Exit code 0 = all verified. Exit code 1 = one or more mismatches.

pixe resume

Resume an interrupted sort operation:

pixe resume --dir /path/to/archive
Flag Default Description
--config config file (default: $HOME/.pixe.yaml or ./.pixe.yaml)
-w, --workers 0 number of concurrent workers (0 = auto: runtime.NumCPU())
-a, --algorithm sha1 hash algorithm: md5, sha1 (default), sha256, blake3, xxhash
-q, --quiet false suppress per-file output; show only the final summary
-v, --verbose false show per-stage timing and debug information
--profile load a named config profile from ~/.pixe/profiles/.yaml
-d, --dir destination directory containing the archive database (required)
--db-path explicit path to the SQLite archive database (overrides auto-resolution)

Finds the most recent interrupted run in the archive database and re-sorts from the source directory. Files already marked complete are skipped automatically.

pixe query

Query the archive database without modifying any files:

pixe query <subcommand> --dir /path/to/archive [--json]
Subcommand Description
runs List all sort runs recorded in the archive database
run Show details for a specific sort run
duplicates List all duplicate files in the archive
errors List all files that encountered errors during sorting
skipped List all files that were skipped during sorting
files Search for files in the archive by date or source
inventory List all canonical files in the archive

All subcommands accept --json for machine-readable output.

Persistent flags (inherited by all subcommands):

Flag Default Description
-d, --dir archive directory containing the database (required)
--db-path explicit path to the SQLite archive database (overrides auto-resolution)
--json false emit JSON output instead of a table

pixe status

Report the sorting status of a source directory by comparing files on disk against the .pixe_ledger.json left by prior pixe sort runs.
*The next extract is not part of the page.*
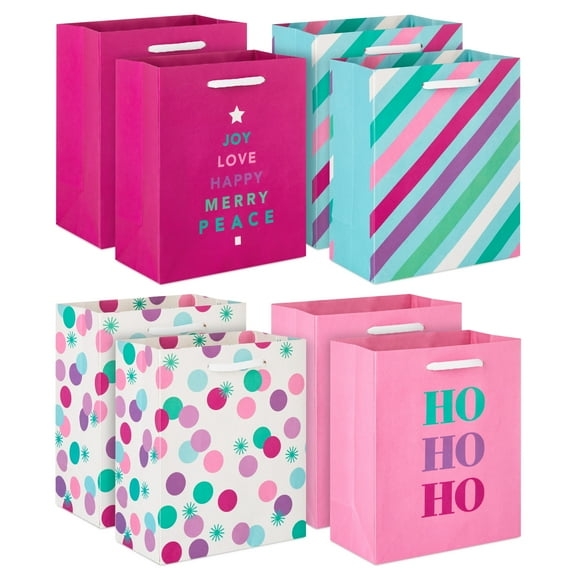 $4 Hallmark 6" Small Pink, Purple and Teal Holiday Gift Bag Assortment (8 Bags: Stripes, Polka Dots, Ho Ho Ho, Peace Love Joy)Walmart offers Hallmark 6" Small Pink, Purple and Teal Holiday Gift Bag Assortment (8 Bags: Stripes, Polka Dots, Ho Ho Ho, Peace Love Joy) for $4 (orig. $10.98) + free shipping with Walmart+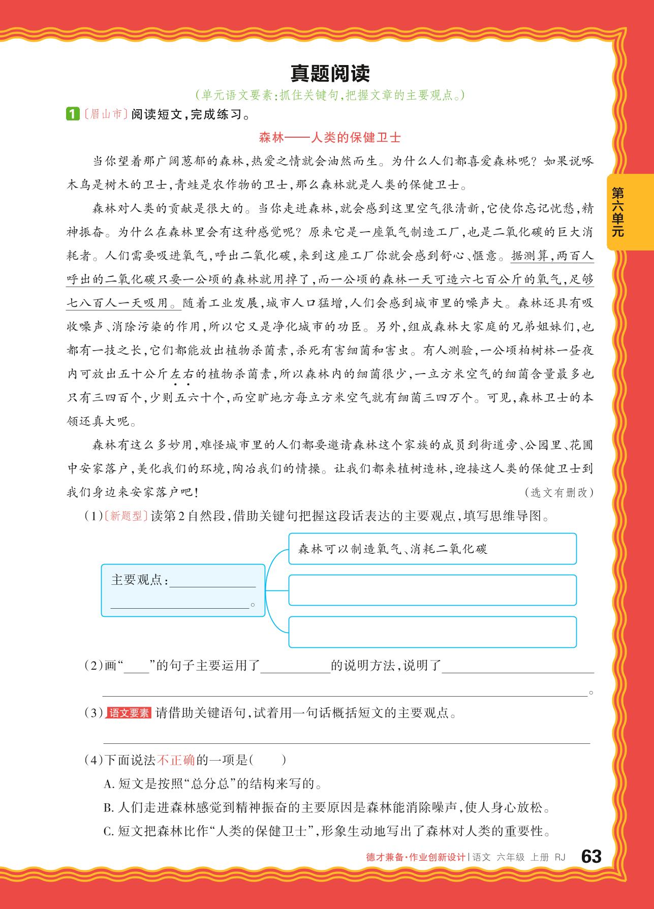 2024秋上册六年级语文人教版 第六单元 保护环境——真题阅读

No archive database or destination directory is required — it works entirely from the source directory.

# source defaults to current directory
pixe status [options]

# or with an explicit source
pixe status --source /path/to/photos [options]
Flag Default Description
--config config file (default: $HOME/.pixe.yaml or ./.pixe.yaml)
-w, --workers 0 number of concurrent workers (0 = auto: runtime.NumCPU())
-a, --algorithm sha1 hash algorithm: md5, sha1 (default), sha256, blake3, xxhash
-q, --quiet false suppress per-file output; show only the final summary
-v, --verbose false show per-stage timing and debug information
--profile load a named config profile from ~/.pixe/profiles/.yaml
-s, --source source directory to inspect (default: current directory)
-r, --recursive false recursively inspect subdirectories of --source
--ignore glob pattern for files to ignore (repeatable, e.g. --ignore "*.txt")
--json false emit JSON output instead of a human-readable listing

How it works:

  1. Walks the source directory using the same handler registry as pixe sort
  2. Loads the .pixe_ledger.json ledger file from the source directory
  3. Classifies every file into one of five categories:
    • SORTED — ledger entry with status: "copy"; shows destination path
    • DUPLICATE — ledger entry with status: "duplicate"; shows the original it matched
    • ERRORED — ledger entry with status: "error"; shows the error reason
    • UNSORTED — no ledger entry (or status: "skip"); needs sorting
    • UNRECOGNIZED — no handler claims this file type (e.g. .txt)
  4. Outputs a sectioned listing with a summary line

Example output (human-readable):

Source: /Users/wells/photos
Ledger: run a1b2c3d4, 2026-03-06T10:30:00Z (recursive: no)

SORTED (247 files)
  IMG_0001.jpg  → 2021/12-Dec/20211225_062223_7d97e98f...jpg
  IMG_0002.jpg  → 2022/02-Feb/20220202_123101_447d3060...jpg

DUPLICATE (3 files)
  IMG_0042.jpg  → matches 2022/02-Feb/20220202_123101_447d3060...jpg

ERRORED (1 file)
  corrupt.jpg   → EXIF parse failed: truncated IFD at offset 0x1A

UNSORTED (12 files)
  IMG_5001.jpg
  vacation/IMG_6001.jpg

UNRECOGNIZED (2 files)
  notes.txt     → unsupported format: .txt

265 total | 247 sorted | 3 duplicates | 1 errored | 12 unsorted | 2 unrecognized

Exit code 0 always on success (unsorted files are not an error condition).

pixe clean

Perform maintenance on an archive: remove orphaned temp files, clean up orphaned XMP sidecars, and optionally compact the database.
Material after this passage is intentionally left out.